Al Maha Airways المها
| IATA | ICAO | Call sign |
| QR | QTR | QATARI |
- Founded: 2014
- Ceased operations: 2017
- Hubs: Hamad International Airport
- Fleet size: 4
- Destinations: 11 (planned)
- Parent company: Qatar Airways
- Headquarters: Doha, Qatar

= Al Maha Airways =

Airline based in Qatar

Al Maha Airways was a planned subsidiary airline of Qatar Airways to serve the Saudi Arabian travel market. It was based initially at King Abdulaziz International Airport in Jeddah, and then at Hamad International Airport in Doha. The beginning of operations was postponed several times following its initial announcement in 2014, and then cancelled entirely by February 2017 following issues obtaining its operational license and the Qatar diplomatic crisis.

==History==
Al Maha Airways was founded as a Saudi Arabian subsidiary of Qatar Airways in 2014, but never began operations. Al Maha, which means "oryx" in Arabic, was to sport the Qatar Airways logo but would be green instead of the Qatar Airways signature burgundy colour, to match Saudi Arabia's national colors. On 29 April 2015, Al Maha Airways took delivery of four Airbus A320-200 aircraft.
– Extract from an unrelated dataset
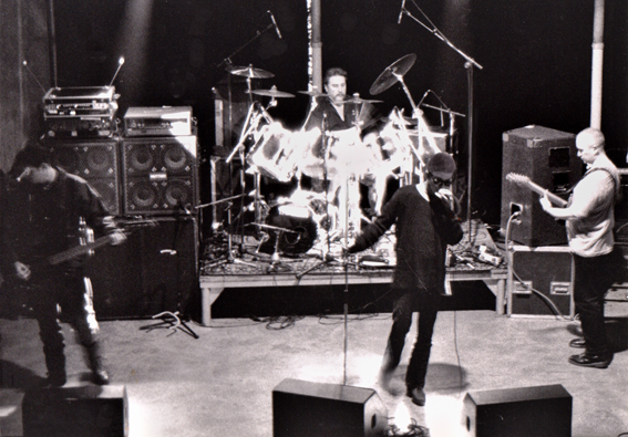 The Stranglers during a soundcheck in Toulouse, 1995

The airline was set to begin operations in the fourth quarter of 2014, but then the starting date was postponed to summer 2016. In February 2017, Qatar Airways announced that the Al Maha Airways project was cancelled and the airline would not begin operations, due to ongoing issues gaining its operational license and the Qatar diplomatic crisis.

==Destinations==
The initial destinations were planned to be Jeddah, Riyadh, Dammam, Madina, Abha, Al Qassim, Doha, Dubai (Al Maktoum) and Muscat.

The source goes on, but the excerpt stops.